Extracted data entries
━━━━━━━━━━━━━━━━━━━━━━━━━━━━━━

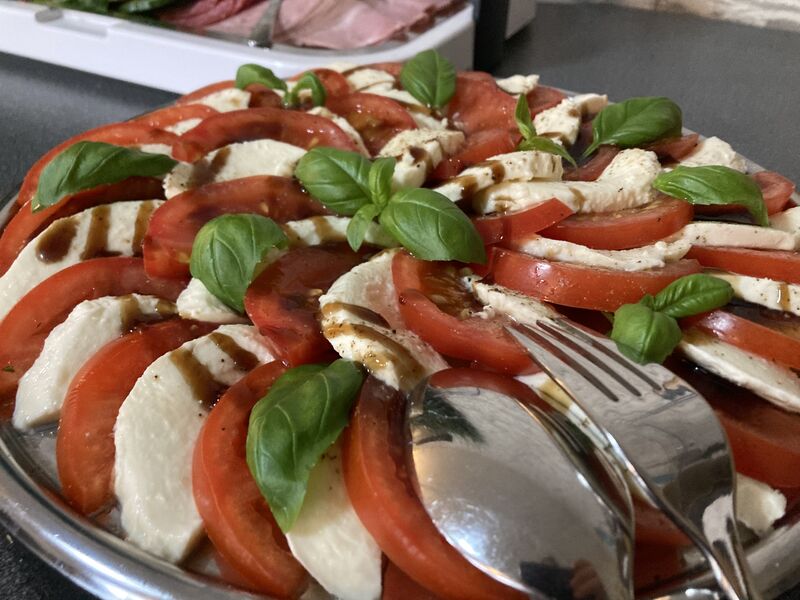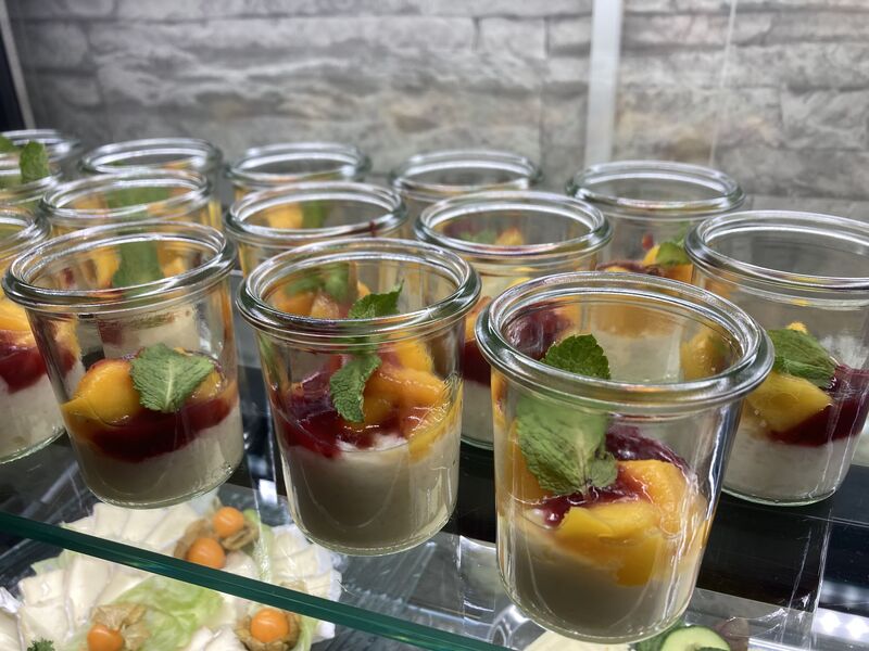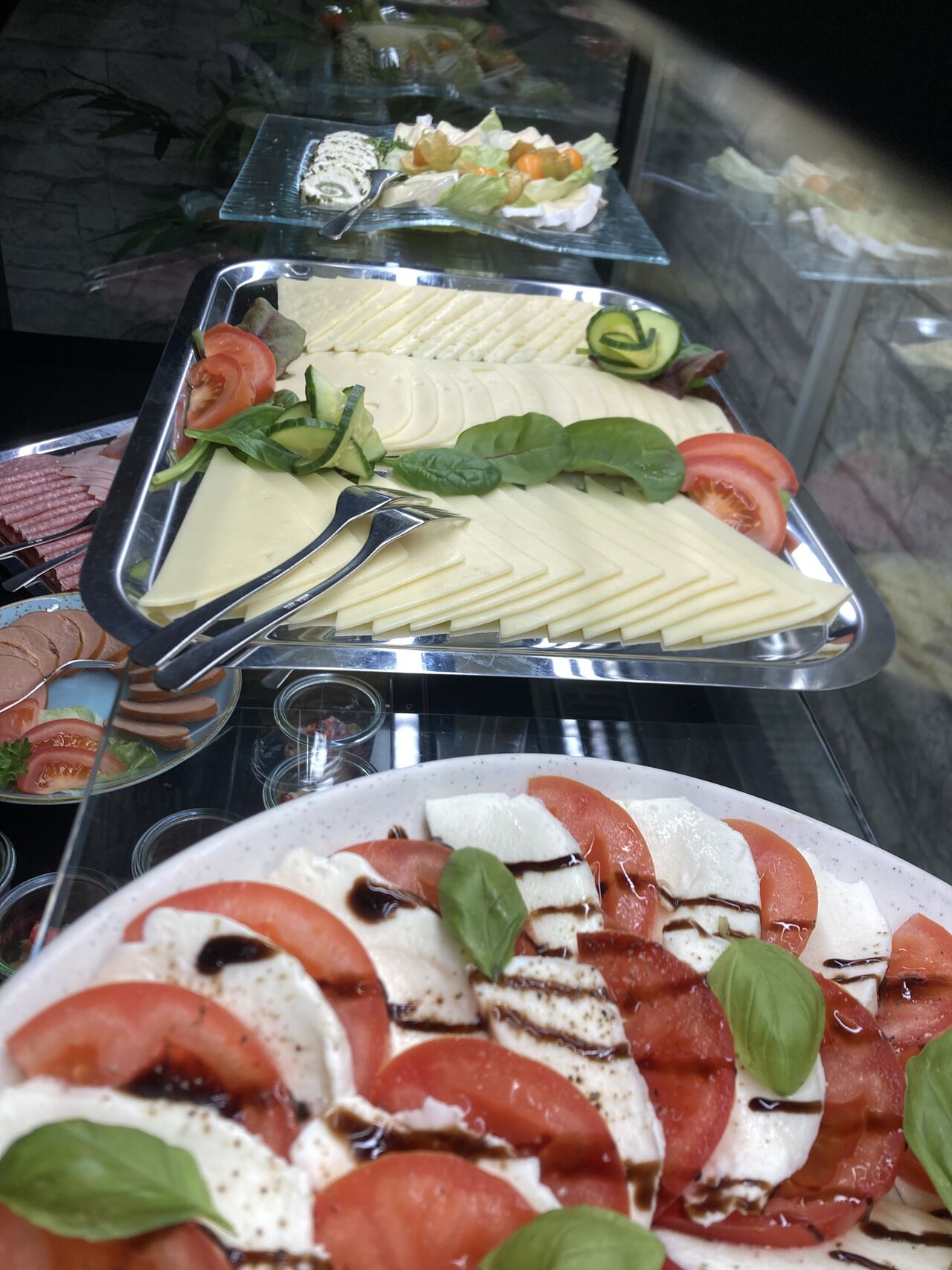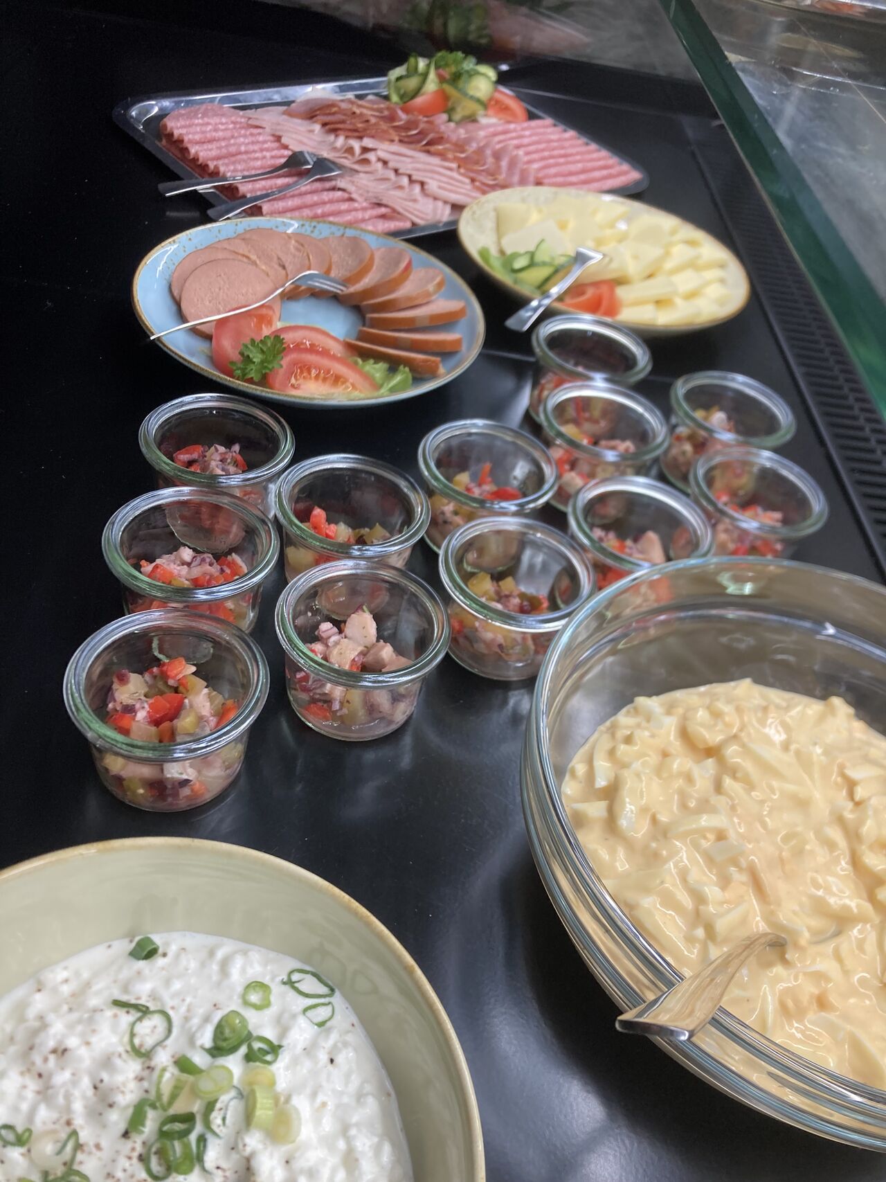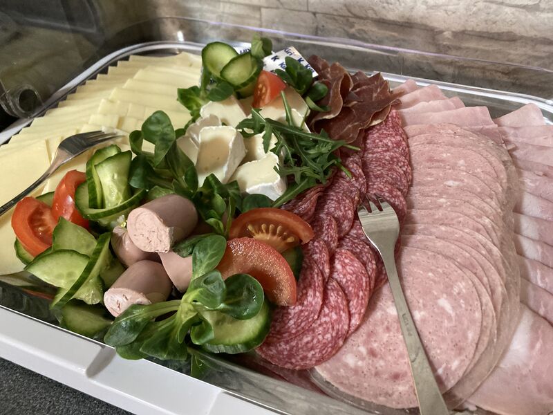 mit Brötchen, Aufschnitt, Butter, Marmeladen, Eier-, Wurst- und Matjessalat, warme Eierspeisen, Speck und Grillgemüse
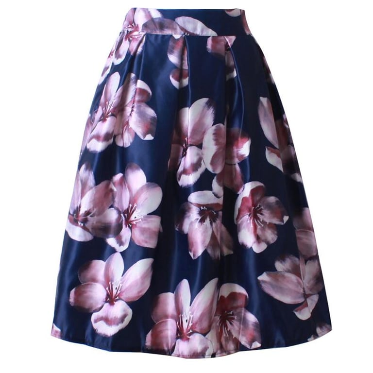 Women's retro style skirt with an elastic waistband and wide balloon cut. One size fits all. Colourful floral print. Available in multiple variants.
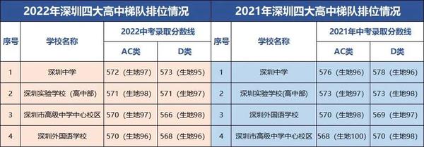 曾在2020年跌至“四大”第四名的深实验,在2021年重回到第二的位置,2022年再继续稳居第二,并与深中的分差缩小到一分。
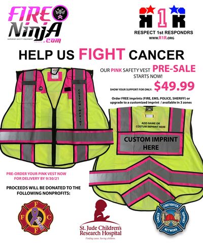 Fire Ninja created R1R (Respect 1st Responders) to assist First Responders and Front Line Workers with resources and equipment. We will be donating proceeds from the pink safety vest to cancer fighting organizations.
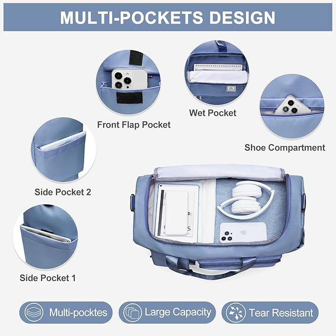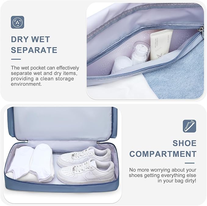 - 【Multifunctional Tote Bag】Our gym bag can be used for various indoor and outdoor activities. It can be used as a dry and wet separate bag, gym bag, dance bag, luggage bag, beach bag, cheer bag, mommy bag, hospital bag, nurse bags, overnight bag, weekender bag, which is the perfect partner for short-distance, travel and air travel.
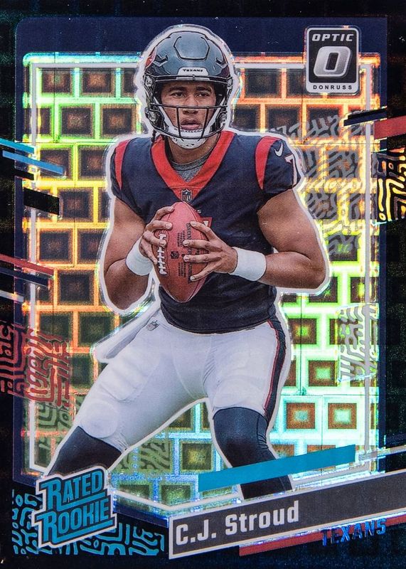 The CJ Stroud 2023 Donruss #339 Optic Preview - Black Pandora /25 Rookie card in Raw condition has not changed in price in the last 30 days and was last sold for $900.00 .
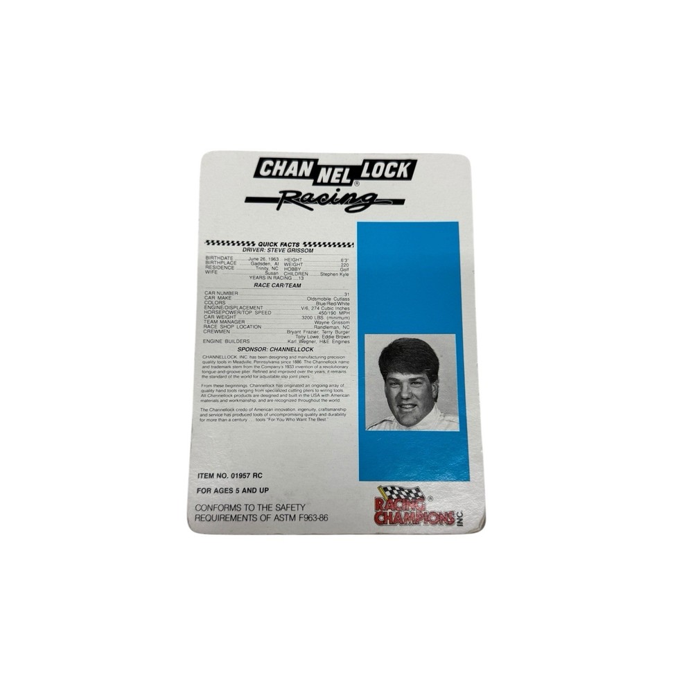 Steve Grissom Racing Champions Diecast 1/64 - Channel Lock Racing - #31. Condition is New. Shipped with USPS Ground Advantage.
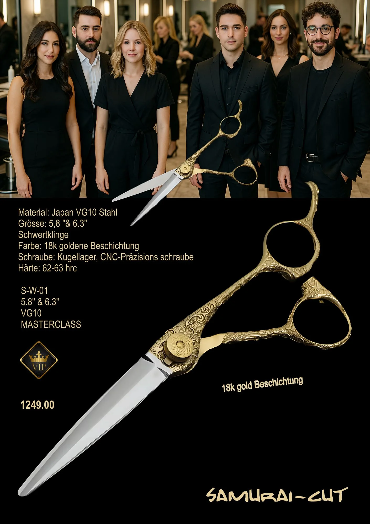 Erleben Sie die ultimative Präzision und Eleganz mit der Meisterklasse-Haarschere von Samurai Cut. Gefertigt aus hochwertigem JapanVG10 Stahl, bietet diese Schere eine außergewöhnliche Härte von 62-63 HRC, die für langanhaltende Schärfe sorgt. Die Schwertklinge ist in zwei Größen erhältlich: 5,8" und 6,3", perfekt für verschiedene Schneidetechniken.
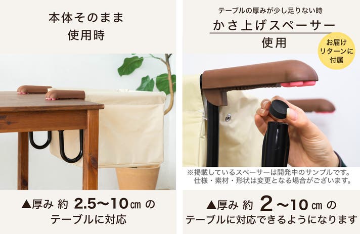 本体をそのまま使用した時は、テーブルの天板の厚みは約2.5~10cmの範囲で使用できます。
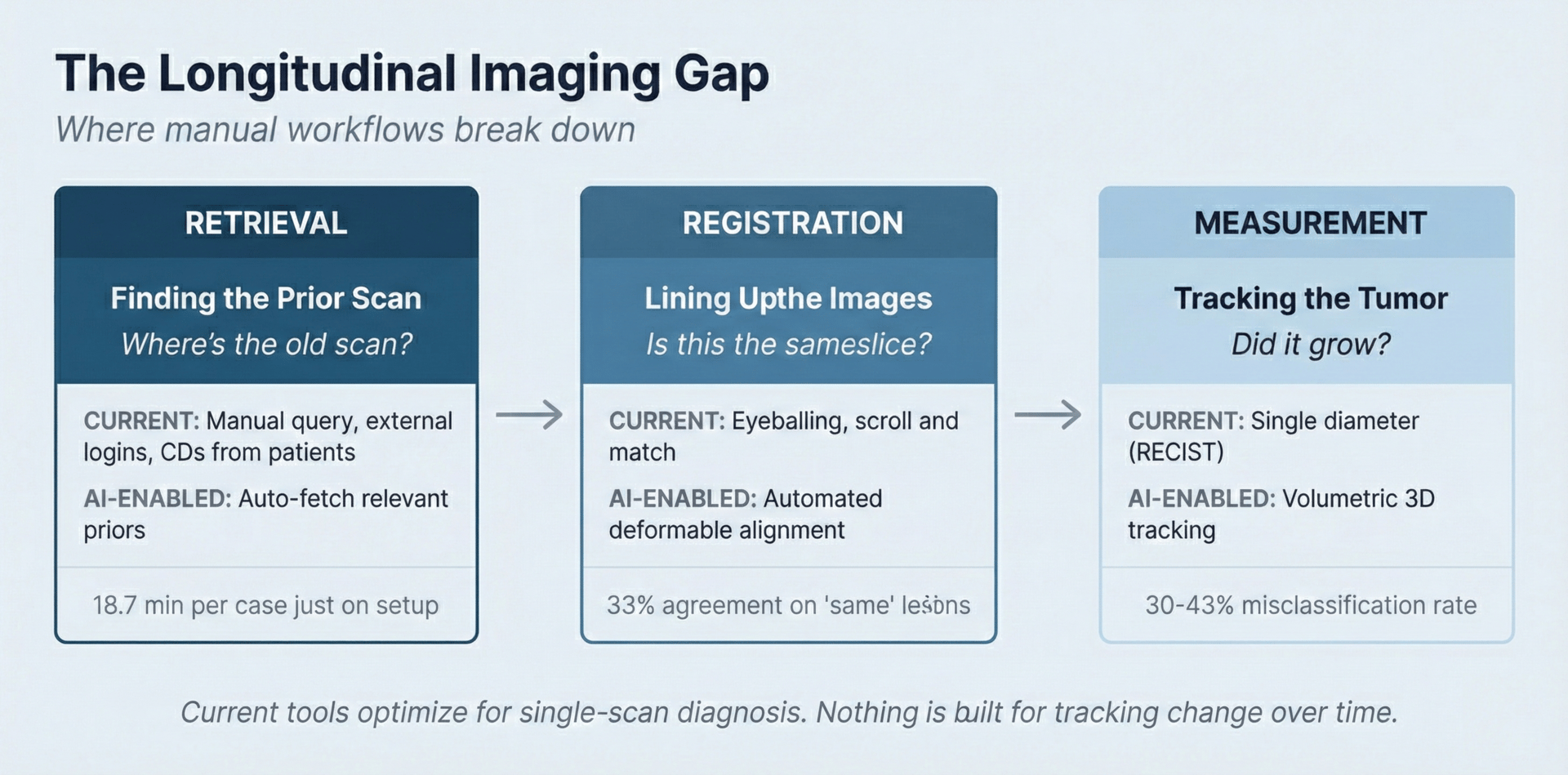 Here's the real problem. In cancer care, the important thing isn't what the scan shows today. It's how today compares to last time. The signal is in the change. And almost nothing is built to measure change.
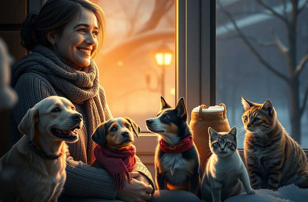 Meanwhile, Gran let Bullet and Muffin out to frolic in the freshly fallen snow. A postwoman, hurrying with a pensioners parcel, slipped open the gate, and Tabitha, Whiskers, and Milo darted out, while Prickles stayed inside. The animals formed a procession, led by Bullet, with Tabitha at the head, ensuring no one lagged. Passersby stared at the odd parade crossing the road, amused by the disciplined chaos.

━━━━━━━━━━━━━━━━━━━━━━━━━━━━━━

[Work to complete] Your output must consist only of the lines from the line with "本体をそのまま使用した時は、" through the final line of the data, both included, reproduced exactly and free of pictures.

[The answer]
 本体をそのまま使用した時は、テーブルの天板の厚みは約2.5~10cmの範囲で使用できます。
 Here's the real problem. In cancer care, the important thing isn't what the scan shows today. It's how today compares to last time. The signal is in the change. And almost nothing is built to measure change.
 Meanwhile, Gran let Bullet and Muffin out to frolic in the freshly fallen snow. A postwoman, hurrying with a pensioners parcel, slipped open the gate, and Tabitha, Whiskers, and Milo darted out, while Prickles stayed inside. The animals formed a procession, led by Bullet, with Tabitha at the head, ensuring no one lagged. Passersby stared at the odd parade crossing the road, amused by the disciplined chaos.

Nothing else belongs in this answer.